2.) Pastry flour is oddly expensive & hard to find. Whole wheat pastry flour even more so.
3.) Applesauce cookies sound warm like Grandma but can go really wrong when you swap out three ingredients at a time (rookie move), so ditch ’em if you’re smart. But, I’m stubborn, so I will keep working on them until I get one I like. Which I did.

Apple Spice Cookies

This whole process reminded me of waaaaay back when when I (briefly) went to University of California, Santa Barbara and was knocking around that town for a bit. I found this cookie that I really dug — this was way back in’89 now, so keep that in mind — that I think might be influencing me to this day. I think it was called the “No” cookie, so I looked it up.

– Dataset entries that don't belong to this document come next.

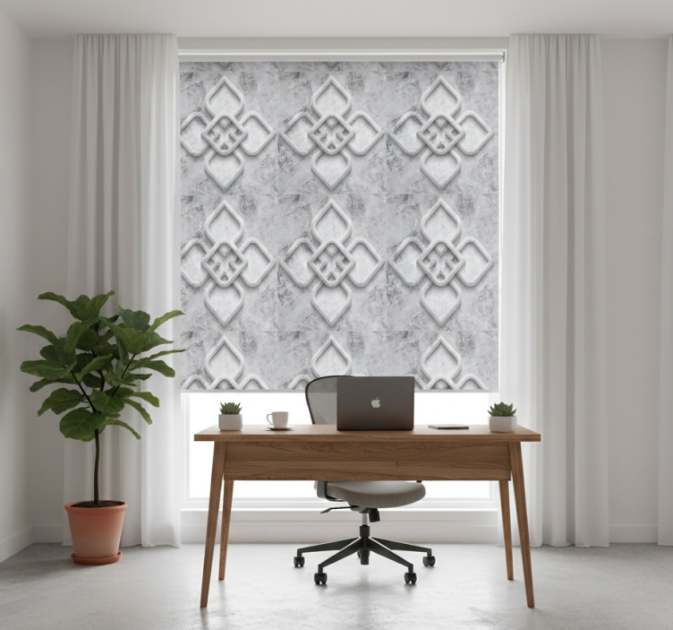 La tenda a rullo per ufficio non è solo un elemento funzionale, ma anche un vero e proprio pezzo di design. La tenda a rullo per ufficio elementi geometrici grigi 3d arricchisce l'ambiente, creando un'atmosfera professionale e accogliente. Grazie alla sua estetica distintiva, è perfetta per chi desidera unire praticità e stile senza compromessi!
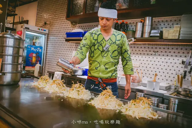 點好餐後就可以看Hiro店長大展身手啦,廣島燒和大阪燒、文字燒作法不同,廣島燒是把將食材往上堆疊,反覆煎熟,赤鐵廣島燒足足疊了11層,光看店長熟捻的動作就好像在看一場廚藝秀啊
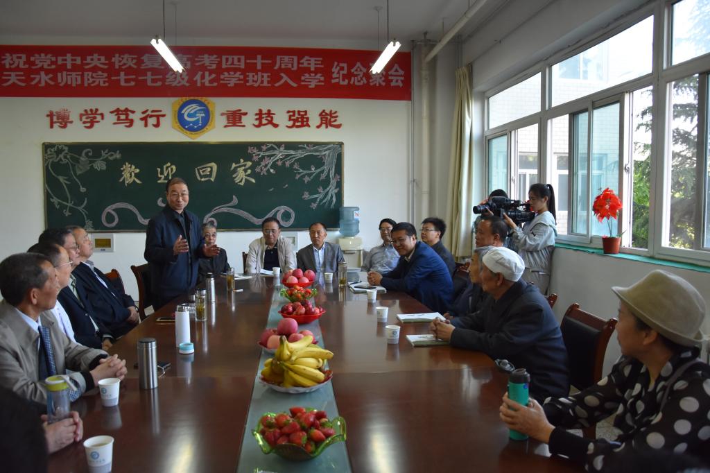 五月的天水师范学院天朗气清、风和日丽,欢声笑语、情深意浓。在这美好的日子里,天水师范学院ac米兰官网中文网站迎来了党中央恢复高考后化学系77级师生的40周年聚会。校友联谊会主任崔宝珍、米兰官网党总支书记王小芳、副院长吕玲玲出席座谈会。

And it is called the “No” cookie  (even then I wondered at that marketing strategy)– as in, no dairy, no eggs, no wheat, no refined sugar, and so on and so forth — and it’s made right in my hometown of Oakland, CA. How funny that I traveled 325 miles south on Hwy. 101 before I met them.

These “No” cookies, along with another cookie brick made of oats and stuff that kicked off a big oat cake phase for me, were expensive ($3 was expensive for a cookie for a college freshman in 1989) so I only had them a couple of times, but the idea fit so well with what I thought a baked good could be via my bean pie experience that it lodged in my brain and has been percolating ever since.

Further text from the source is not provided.